Thoracic epidural analgesia is often employed to provide adequate analgesia postoperatively, with the benefits essentially the same as for other major abdominal surgery. The hypotension associated with their use is a slight drawback, due to the unpredictable, possibly exaggerated response associated with vasopressors in carcinoid disease. Low dose anaesthetic should be the target.
General anaesthesia should aim to provide as stable physiology as possible to reduce the risk of triggering a carcinoid crisis. Airway manipulation should be performed only with adequate anaesthesia and relaxation on board. The actual anaesthetic technique does not matter much beyond this, but remifentanil has some favourable characteristics in this regard. Histamine releasing agents (atracurium, morphine) should aim to be avoided.

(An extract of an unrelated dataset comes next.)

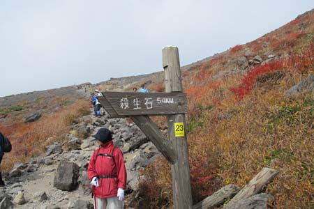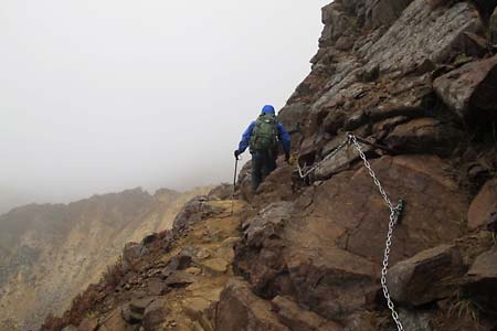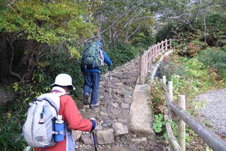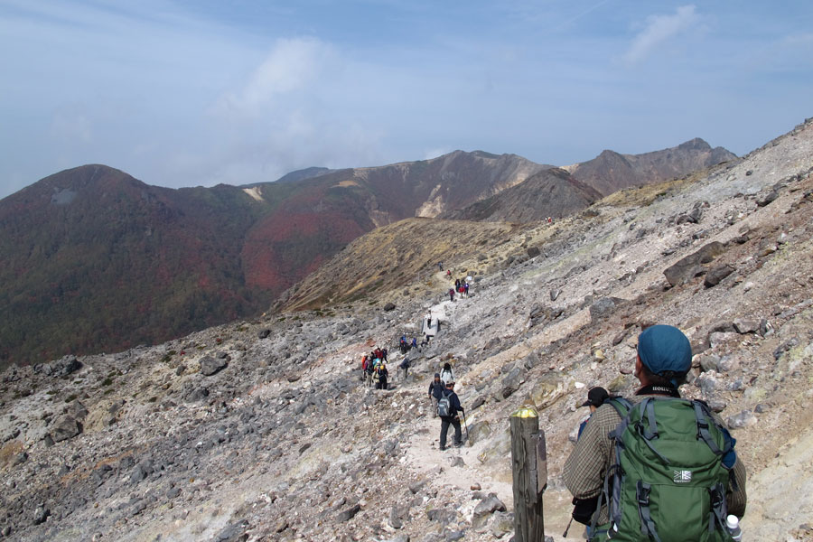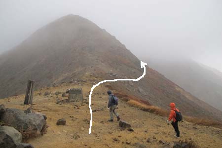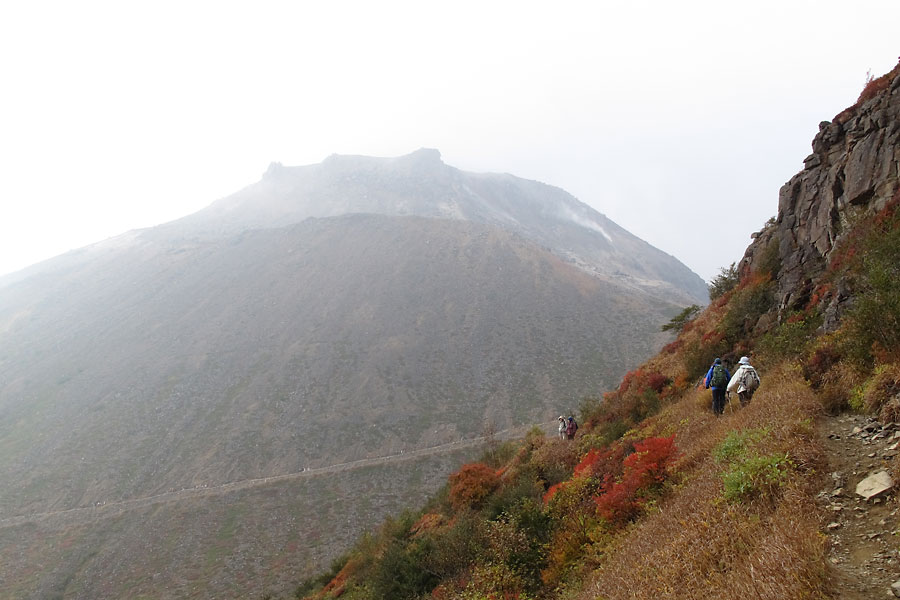 茶臼岳の中腹を巻いて避難小屋へ向かう |

The unpredictable response to vasopressors is a particularly concerning features of anaesthesia for carcinoid syndrome. Any pharmacological stimulation of the autonomic nervous system can result in release of vasoactive substances, worsening the cardiovascular state further. Cautious use of phenylephrine appears to be the best of the usual vasopressors to use. However, if there is concern about the release of vasoactive substances intraoperatively, the best management strategy is titrated doses of octreotide (25-50 mcg).
There can be significant bleeding during resection surgery, particularly with liver resection, and so fluid balance is also an important consideration. This is particularly important so as not to ascribe all cardiovascular changes to vasoactive substance release.
Postoperative care will need to be provided in a highly monitored environment, usually a critical care environment. Monitoring should continue in the immediate postoperative period. Similarly, it is important to continue octreotide, as the risks of stimulation continue.
The presence of metastases has a significant impact on reducing long term outcome. Patients with fully resected local disease have an excellent long term outcome. The site of the tumour also has some impact. Lung carcinoid has the best 5 year outcomes.